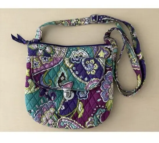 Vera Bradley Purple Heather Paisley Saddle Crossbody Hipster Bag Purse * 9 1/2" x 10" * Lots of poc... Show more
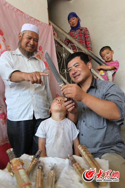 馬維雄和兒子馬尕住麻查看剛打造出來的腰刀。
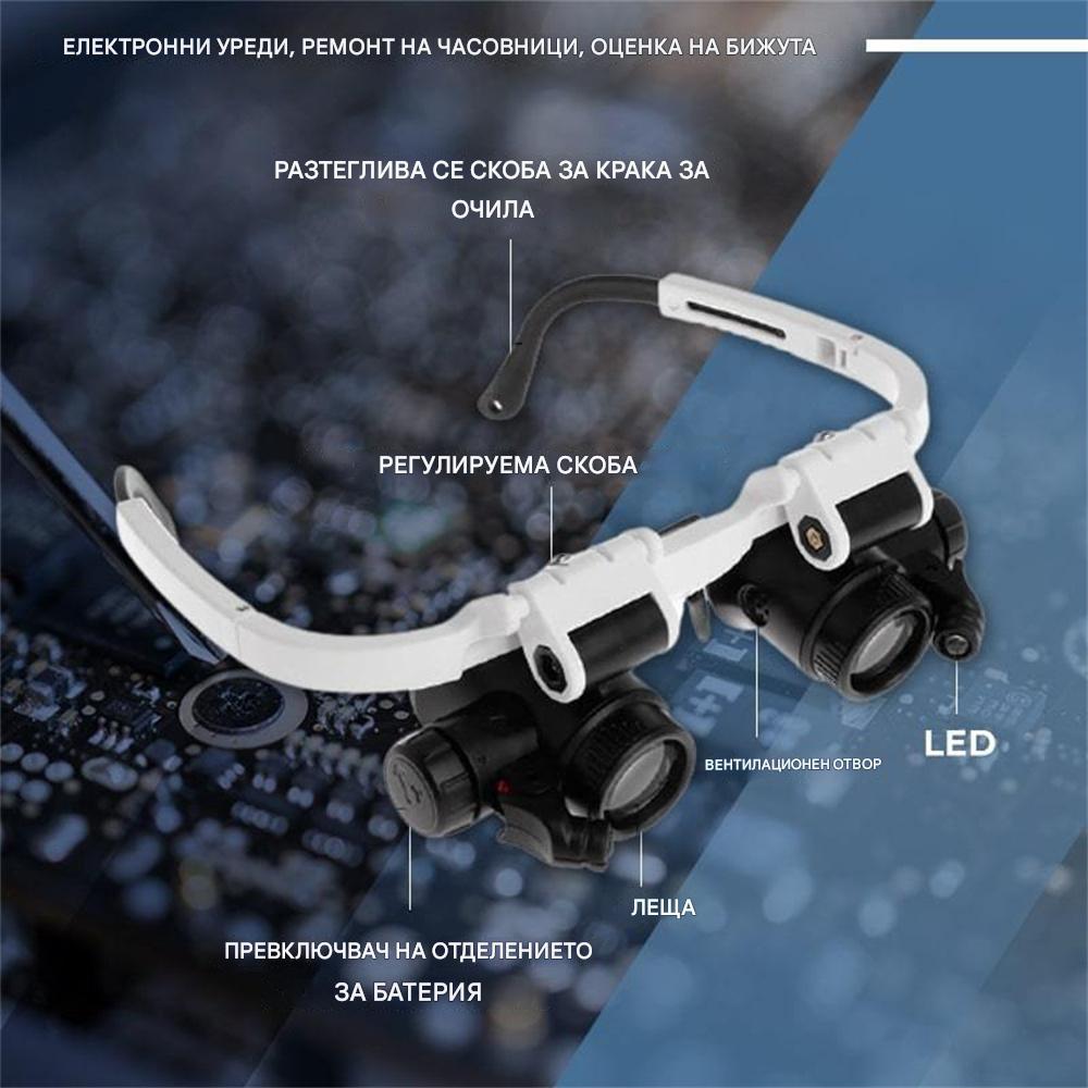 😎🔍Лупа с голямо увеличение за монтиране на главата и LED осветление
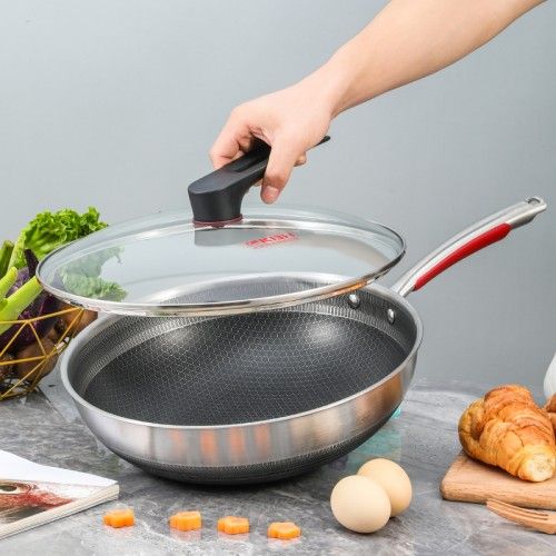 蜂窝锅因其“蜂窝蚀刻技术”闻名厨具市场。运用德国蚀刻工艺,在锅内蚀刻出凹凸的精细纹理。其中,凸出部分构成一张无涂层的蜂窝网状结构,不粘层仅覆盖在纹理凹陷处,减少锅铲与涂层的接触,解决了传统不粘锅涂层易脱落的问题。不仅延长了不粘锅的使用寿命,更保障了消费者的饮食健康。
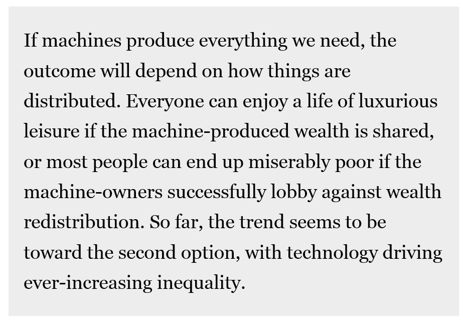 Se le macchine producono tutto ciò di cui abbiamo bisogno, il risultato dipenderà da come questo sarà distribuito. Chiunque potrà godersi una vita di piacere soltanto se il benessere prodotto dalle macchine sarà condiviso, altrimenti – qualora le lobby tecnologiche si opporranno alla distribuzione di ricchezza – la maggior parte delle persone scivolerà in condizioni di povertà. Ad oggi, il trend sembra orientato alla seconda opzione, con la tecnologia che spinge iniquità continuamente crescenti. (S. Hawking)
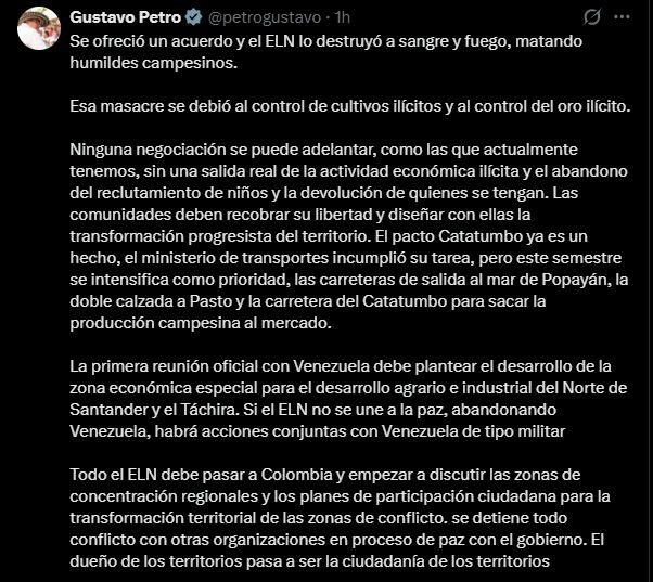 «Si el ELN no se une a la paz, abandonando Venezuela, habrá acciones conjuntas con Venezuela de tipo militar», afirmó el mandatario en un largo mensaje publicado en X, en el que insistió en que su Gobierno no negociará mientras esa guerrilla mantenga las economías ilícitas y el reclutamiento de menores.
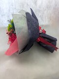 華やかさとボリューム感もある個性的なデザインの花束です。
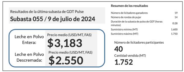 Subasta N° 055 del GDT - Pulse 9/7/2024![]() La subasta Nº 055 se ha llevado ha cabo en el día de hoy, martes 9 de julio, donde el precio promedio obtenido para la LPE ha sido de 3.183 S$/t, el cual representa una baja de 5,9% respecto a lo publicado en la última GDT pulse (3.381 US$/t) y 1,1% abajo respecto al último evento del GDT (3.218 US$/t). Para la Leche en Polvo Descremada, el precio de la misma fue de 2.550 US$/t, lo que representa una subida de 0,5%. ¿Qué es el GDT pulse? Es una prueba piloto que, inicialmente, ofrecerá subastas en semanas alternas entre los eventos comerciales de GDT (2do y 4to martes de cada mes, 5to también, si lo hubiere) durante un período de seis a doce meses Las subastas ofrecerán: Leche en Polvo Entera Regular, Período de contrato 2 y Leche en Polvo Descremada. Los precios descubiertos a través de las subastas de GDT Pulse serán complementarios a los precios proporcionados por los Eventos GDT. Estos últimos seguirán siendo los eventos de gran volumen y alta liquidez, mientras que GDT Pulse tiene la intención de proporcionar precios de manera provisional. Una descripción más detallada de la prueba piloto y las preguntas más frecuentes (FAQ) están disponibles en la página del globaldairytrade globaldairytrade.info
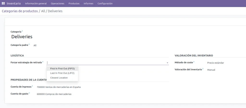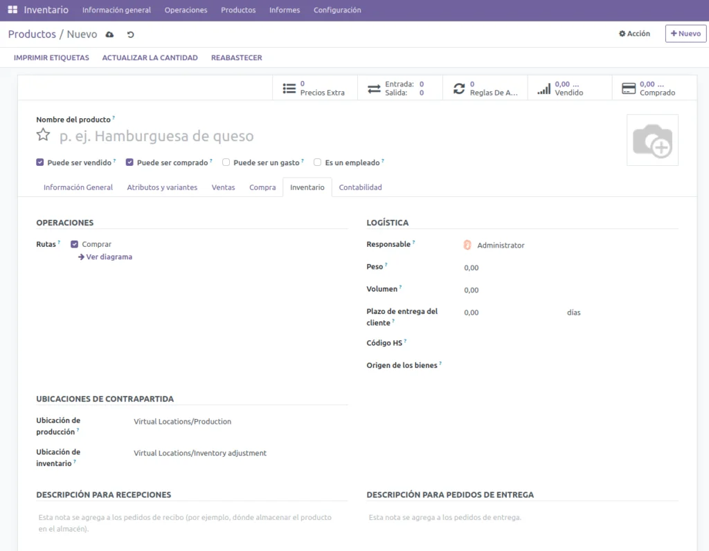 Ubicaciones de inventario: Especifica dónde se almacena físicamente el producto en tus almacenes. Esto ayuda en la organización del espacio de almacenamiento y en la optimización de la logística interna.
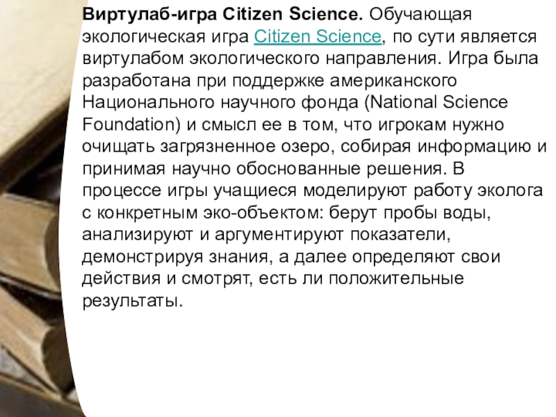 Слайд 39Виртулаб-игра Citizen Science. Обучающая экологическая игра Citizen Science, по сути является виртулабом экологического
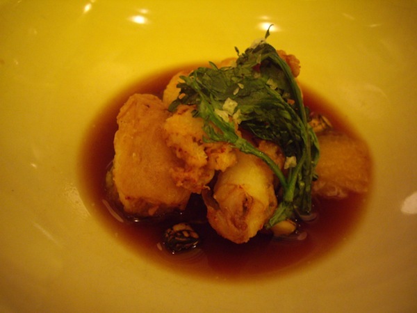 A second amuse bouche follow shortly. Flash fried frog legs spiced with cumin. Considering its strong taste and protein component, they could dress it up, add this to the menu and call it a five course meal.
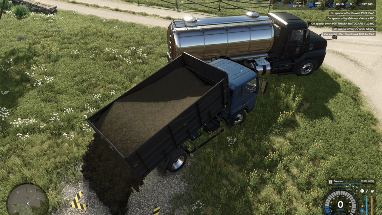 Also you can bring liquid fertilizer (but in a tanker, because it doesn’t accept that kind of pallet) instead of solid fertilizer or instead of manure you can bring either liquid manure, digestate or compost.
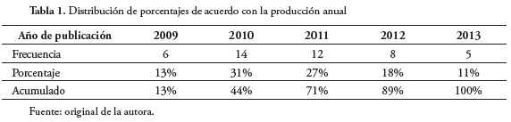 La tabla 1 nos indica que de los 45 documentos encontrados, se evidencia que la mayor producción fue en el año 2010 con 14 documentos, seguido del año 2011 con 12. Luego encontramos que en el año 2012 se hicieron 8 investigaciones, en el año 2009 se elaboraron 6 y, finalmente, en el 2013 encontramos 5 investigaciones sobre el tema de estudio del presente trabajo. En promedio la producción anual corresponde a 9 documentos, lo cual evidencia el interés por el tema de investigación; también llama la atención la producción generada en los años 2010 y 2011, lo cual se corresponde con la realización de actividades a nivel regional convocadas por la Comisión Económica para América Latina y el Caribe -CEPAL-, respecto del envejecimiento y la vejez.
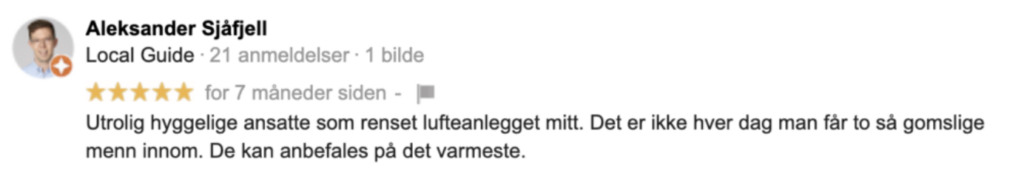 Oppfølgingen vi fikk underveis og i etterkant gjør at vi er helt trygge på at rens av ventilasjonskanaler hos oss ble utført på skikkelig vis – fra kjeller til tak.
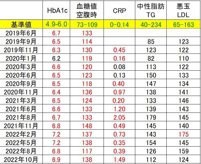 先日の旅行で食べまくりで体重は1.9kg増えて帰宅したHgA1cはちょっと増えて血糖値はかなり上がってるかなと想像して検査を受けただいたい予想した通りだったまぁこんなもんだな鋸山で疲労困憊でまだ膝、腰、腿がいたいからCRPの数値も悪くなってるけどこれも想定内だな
· · · · ·
TASK TO CARRY OUT: Within the listing above, print exactly the stretch beginning at the line that contains "reclutamiento de menores." and finishing at the line that contains "A second amuse", ends kept, pictures left out, and nothing more.

OUTPUT:
 «Si el ELN no se une a la paz, abandonando Venezuela, habrá acciones conjuntas con Venezuela de tipo militar», afirmó el mandatario en un largo mensaje publicado en X, en el que insistió en que su Gobierno no negociará mientras esa guerrilla mantenga las economías ilícitas y el reclutamiento de menores.
 華やかさとボリューム感もある個性的なデザインの花束です。
 Subasta N° 055 del GDT - Pulse 9/7/2024![]() La subasta Nº 055 se ha llevado ha cabo en el día de hoy, martes 9 de julio, donde el precio promedio obtenido para la LPE ha sido de 3.183 S$/t, el cual representa una baja de 5,9% respecto a lo publicado en la última GDT pulse (3.381 US$/t) y 1,1% abajo respecto al último evento del GDT (3.218 US$/t). Para la Leche en Polvo Descremada, el precio de la misma fue de 2.550 US$/t, lo que representa una subida de 0,5%. ¿Qué es el GDT pulse? Es una prueba piloto que, inicialmente, ofrecerá subastas en semanas alternas entre los eventos comerciales de GDT (2do y 4to martes de cada mes, 5to también, si lo hubiere) durante un período de seis a doce meses Las subastas ofrecerán: Leche en Polvo Entera Regular, Período de contrato 2 y Leche en Polvo Descremada. Los precios descubiertos a través de las subastas de GDT Pulse serán complementarios a los precios proporcionados por los Eventos GDT. Estos últimos seguirán siendo los eventos de gran volumen y alta liquidez, mientras que GDT Pulse tiene la intención de proporcionar precios de manera provisional. Una descripción más detallada de la prueba piloto y las preguntas más frecuentes (FAQ) están disponibles en la página del globaldairytrade globaldairytrade.info
 Ubicaciones de inventario: Especifica dónde se almacena físicamente el producto en tus almacenes. Esto ayuda en la organización del espacio de almacenamiento y en la optimización de la logística interna.
 Слайд 39Виртулаб-игра Citizen Science. Обучающая экологическая игра Citizen Science, по сути является виртулабом экологического
 A second amuse bouche follow shortly. Flash fried frog legs spiced with cumin. Considering its strong taste and protein component, they could dress it up, add this to the menu and call it a five course meal.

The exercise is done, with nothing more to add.